◆ What this task involves
Down to the last line, set down the material below exactly, excluding pictures.

=== Raw data ===

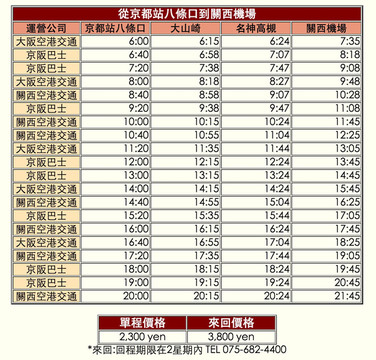 2.大巴:从关西机场到大阪站前约50分,单程1900日元;到京都站八条口约88分钟,大人单程2200日元。
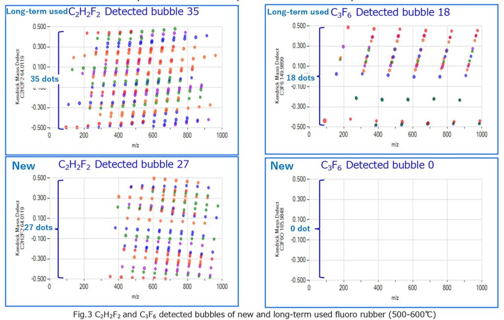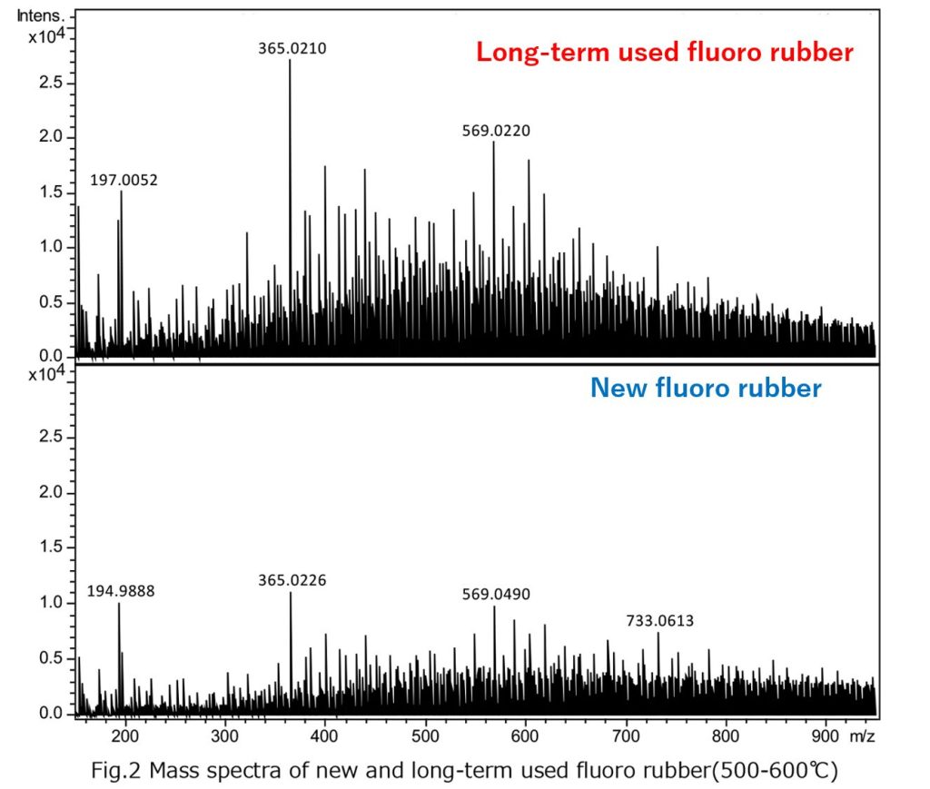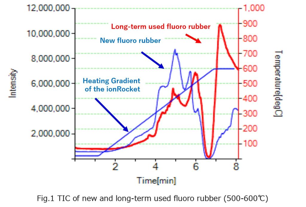 | Measurement Method | Small pieces of new and long-term used fluoro rubber with different usage histories were heated from room temperature to 600°C using a temperature gradient device while measuring mass spectrometer (negative mode). |
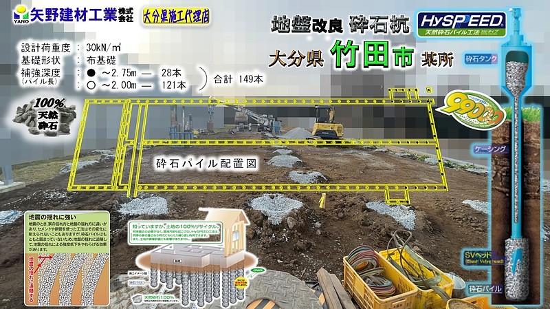 【eco地盤改良】大分県 竹田市 HySPEED350 砕石杭 矢野建材工業株式会社

===

◆ Output of the exercise
 2.大巴:从关西机场到大阪站前约50分,单程1900日元;到京都站八条口约88分钟,大人单程2200日元。
 | Measurement Method | Small pieces of new and long-term used fluoro rubber with different usage histories were heated from room temperature to 600°C using a temperature gradient device while measuring mass spectrometer (negative mode). |
 【eco地盤改良】大分県 竹田市 HySPEED350 砕石杭 矢野建材工業株式会社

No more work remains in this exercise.